NOTE: There is currently no standard defining fragment identifiers for the media type text/plain. So it is currently an error to specify a fragment identifier when parse="text".

The set of characters in the selected range is converted to a set of included items as follows:

An entity start marker information item. The [entity] property is set to an entity declaration information item with the following property values:
- [entity type] is "external general entity".
  
  Issue (XInclude-66-entity-type): This seems a bit untrue. Should we define a new type of entity instead of reusing an old one?
- [name] is null.
- [system identifier] is the include location for the include.
- [public identifier] is null.
- [base URI] is the include location for the include.
- [notation] is null.
- [content] is null.
- [charset] The name of the character encoding in which the entity is expressed.
  
  Issue (XInclude-62-text-encoding): How is the encoding determined for text? We don't want to look inside the text for a format-specific indication. Is it adequate to state "This property is derived from a MIME header"?
For each character in the selected range, a character information item is created. The character code is set to the character code representing the character in ISO 10646 encoding. The [element content whitespace] flag is set to false.
An entity end marker information item. The [entity] property is set to the [entity] property of the corresponding entity start marker.

Resources that resolve to something other than text when parse="text" result in an error.

Issue (XInclude-45-fail-text): It is easy to see how to fail a non-xml resource - it's not well-formed. Is there a similarly well-defined mechanism for determining the success of a parse="text" inclusion? Or do we need to rely on the media type text/*? (We intentionally don't rely on text/xml, as we want to enable things like image/svg.)

3.4. Creating the Result Infoset

The result infoset is a copy of the source infoset, with each include element replaced as follows:

The information item for the include element is found. [Definition: ] The [parent] property of this item refers to an information item called the include parent. The [children] property of the include parent is modified by removing the include element information item from it. In place of the include element, the following information items are inserted in order:

An Include Start Marker information item. The [parent] property of this item is set to the include parent. The [include element] property is set to the information item representing the include element.
The included items. The [parent] property of each included item is set to the include parent.
An Include End Marker information item. The [parent] property of this item is set to the include parent.
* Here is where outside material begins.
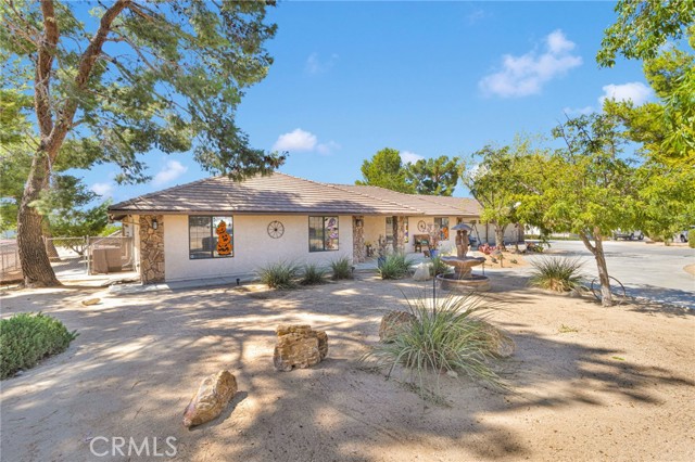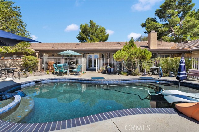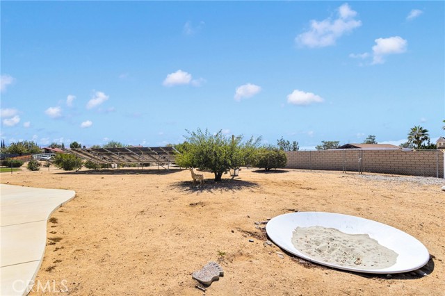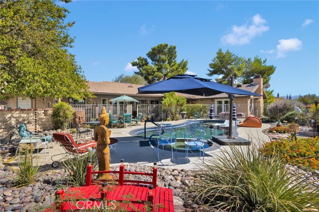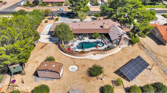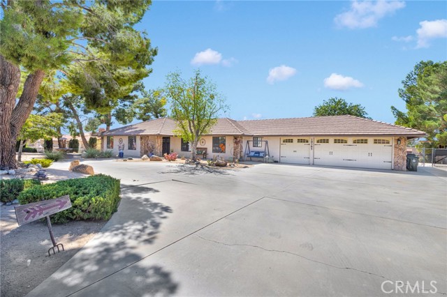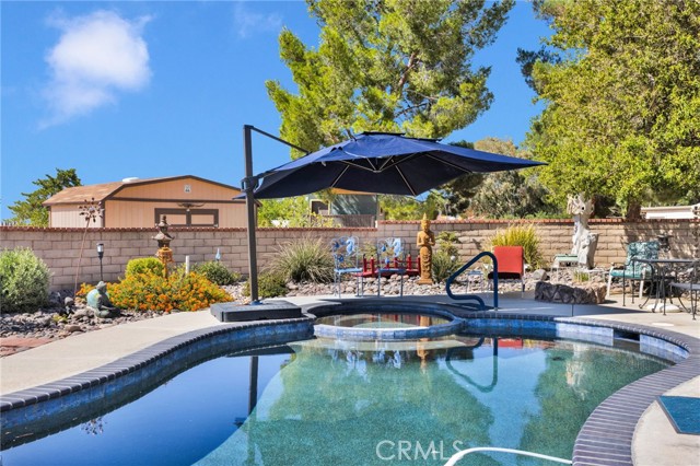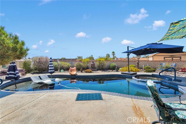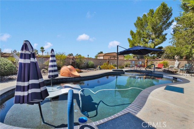 Beautifully upgraded 3 bedroom 3 and a quarter bath pool home with 3 car garage, located in the highly desirable Desert Knolls area of Apple Valley upgraded throughout. Nice open floorplan with dining room, living room, and family room with one of two cozy fireplaces. Master suite with a second cozy fireplace and a mini split AC unit has an ADA compliant walk-in shower, French doors going out to patio, or this room can be used as an office, a den, or any way you like. Lot's of storage and 3 walk in closets. This home also has a newer AC unit only 5 years old. All bathrooms have been remodeled. The kitchen has been completely remodeled with granite countertops, all high-quality stainless-steel appliances and self close drawers. Entire home has newer hard surface tile plank flooring throughout. Nice storage in separate laundry room. Large three-quarter acre lot is fully fenced with a large circular drive with automatic gate. Home also has solar which will be paid off through escrow. Back yard is a private oasis with a full-length patio, beautiful in ground pool & spa recently refinished with walk in bay area. Pool equipment also includes a heater for those cool winter nights. The kids also have a nice newly rebuilt tree house with a rock-climbing wall. This property is truly a rare find that exudes the feel of a real retreat.

The [include element] property is set to the information item representing the include element.

Iintra-document references within include elements must be resolved against the source infoset. The effect of this is that the order in which include elements are processed does not affect the result.

In the following example, the second include always points to the first <xinclude:include> element and not to itself, regardless of the order in which the includes are processed.
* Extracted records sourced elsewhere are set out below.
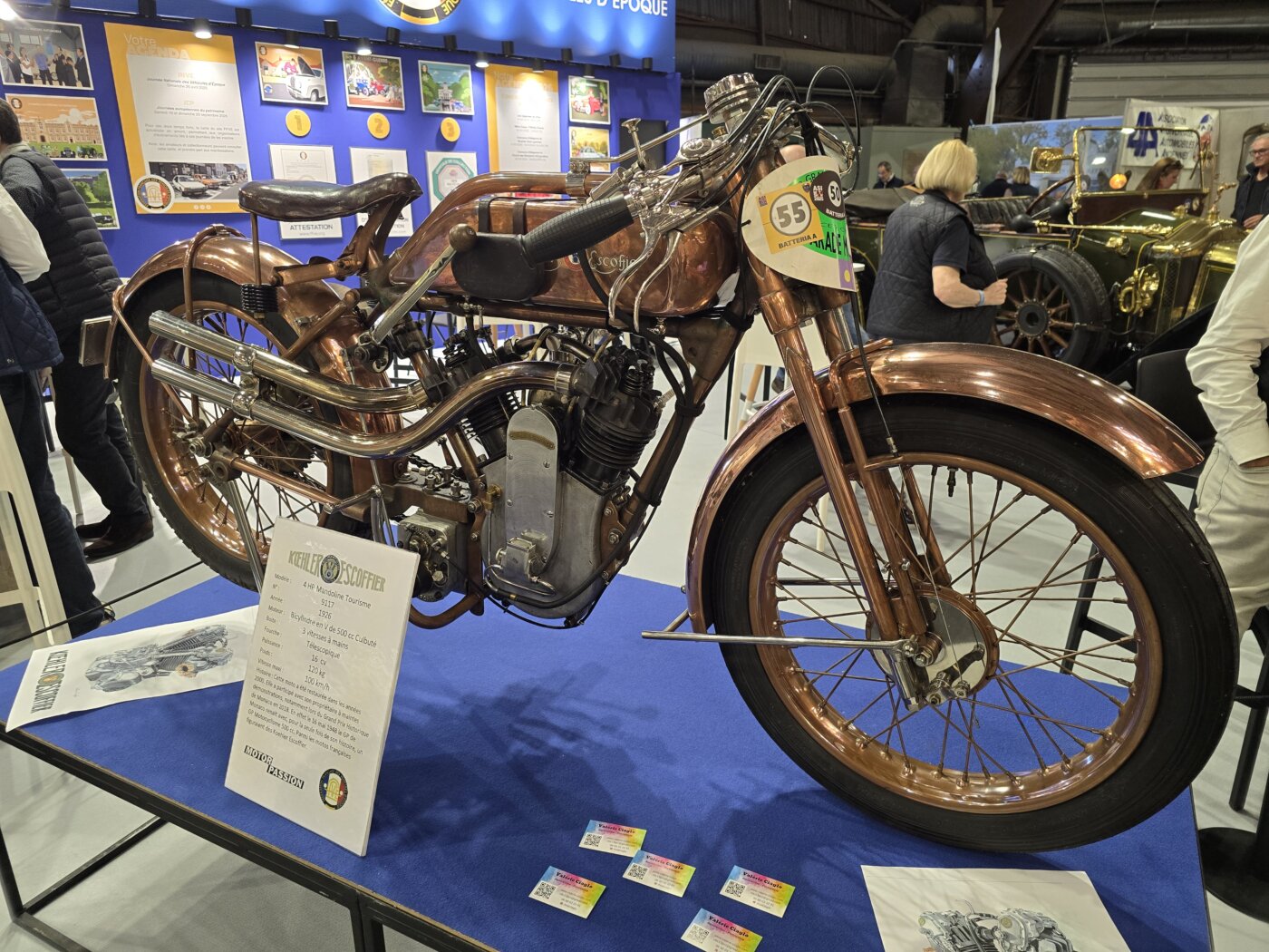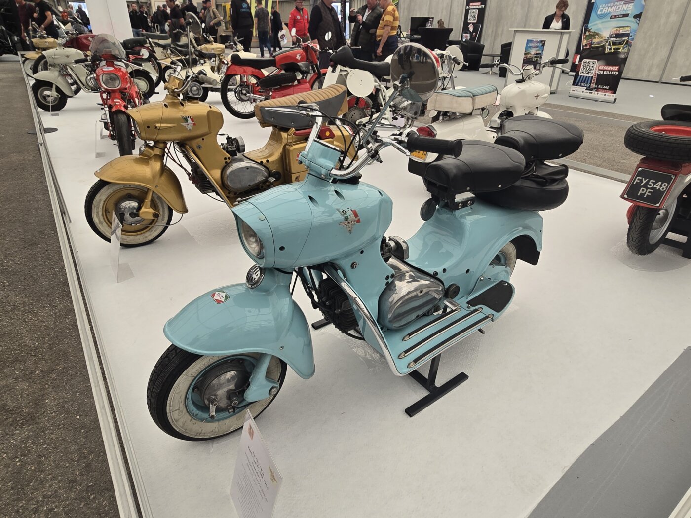 On y apprécie la diversité des visiteurs ; bandes de copains regroupés par centres d’intérêt, solitaires à la pupille resserrée fixant l’objet de leur convoitise sans donner corps à la moindre diversion, badeaux déambulant sagement, en famille le plus souvent et passionnés s’épanouissant à leur source, là où exposent leurs clubs.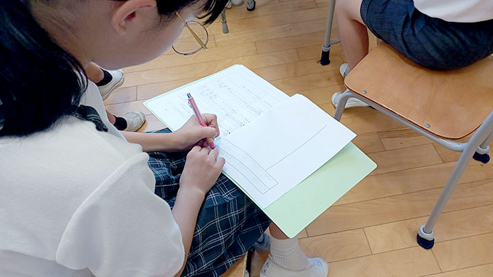 それから一生懸命、久保田先生が作ったワークシートに書き込んでいるね。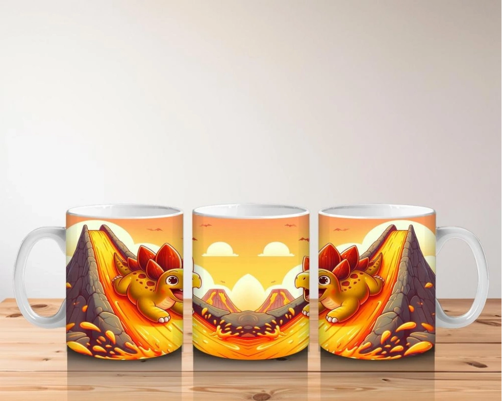 Çocuklara Sütü Sevdiren Lav Kaydıraklarında Kayak Keyfi Yapan Dinozor Desenli Kupa Bardak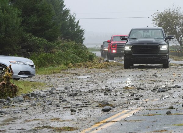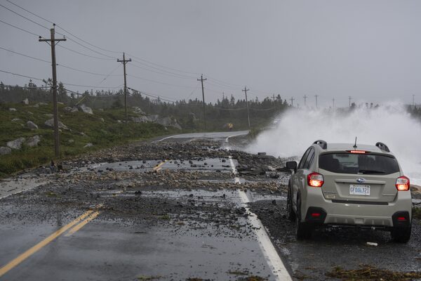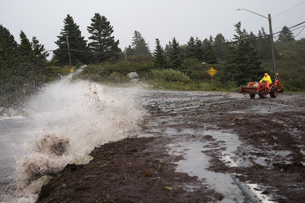 A vehicle navigates around debris after the arrival of Post Tropical Storm Lee in Lockeport, N.S., on Sept. 16, 2023.JOHN MORRIS/Reuters

<x xmlns:xinclude="http://www.w3.org/1999/XML/xinclude">
  <xinclude:include href="something.xml"/>
  <xinclude:include href="#xpointer(x/xinclude:include[1])"
             parse="text"/>
</x>

Issue (XInclude-57-sax): In section 3.1 you state that internal xpointer references must be resolved against the original source document. That's not so hard to do in DOM (though expensive if you do it merely by cloning the original document) but I think it's going to be quite tricky to do it in SAX. [Donald Ball http://lists.w3.org/Archives/Public/www-xml-xinclude-comments/2000Jul/0014.html].

Issue (XInclude-36-infoset-entities): The infoset exposes entity information items http://www.w3.org/TR/xml-infoset#infoitem.entity. XInclude does not define whether entity information items are copied via the infoset or not.

Issue (XInclude-55-entity-fixup): But it occurs to me that if entity start/ends are preserved by xinclusion, then dummy entity start/end items should be inserted around the included nodes to ensure that they are balanced (in the same way that unbalanced element structure gets fixed up). [Richard Tobin: http://lists.w3.org/Archives/Member/w3c-xml-core-wg/2000JulSep/0017.html (W3C Members only)]

3.4.1. Properties Preserved by the Infoset

As an infoset transformation, XInclude operates on the logical structure of XML documents, not on their text serialization. All properties of an information item other than those specifically modified by this proposal are preserved during inclusion.

3.4.1.1. Namespace Declarations

A source infoset might contain namespace declaration information items. The namespace URI property is considered to be part of the element information item, and merging infosets preserves the namespace of the item. This can result in a different result than a simple cut and paste of XML text source. A serialized result infoset might contain additional namespace declarations when including a sub-resource.

For example, the following document:

<foo xmlns:x="uri1">
 <xinclude:include href="common.xml#xptr(a/b)"/>
</foo>

including a node from common.xml:

<a xmlns:x="uri2">
  <b>
    <x:a/>
  </b>
</a>

results in a document that could be serialized as:

<foo xmlns:x="uri1">
  <b xmlns:x="uri2">
    <x:a/>
  </b>
</foo>

This differs from a text-level copy and paste in that it retains the integrity of the items from the uri2 namespace. A straight copy and paste could result in either the remapping of element names to an unintended namespace, or a document that is not well-formed with respect to namespaces.

Serialization, and specifically where additional namespace declarations might appear, is not constrained by this specification.

Issue (XInclude-52-infoset-properties): We specifically say that the namespace name property of an element is preserved when the infosets are merged. What about the in-scope namespaces property? This seems to be needed so that qnames in the included nodes can be resolved. What about the "declared namespaces" property? More generally, should there be a list of infoset properties that must be preserved or deleted?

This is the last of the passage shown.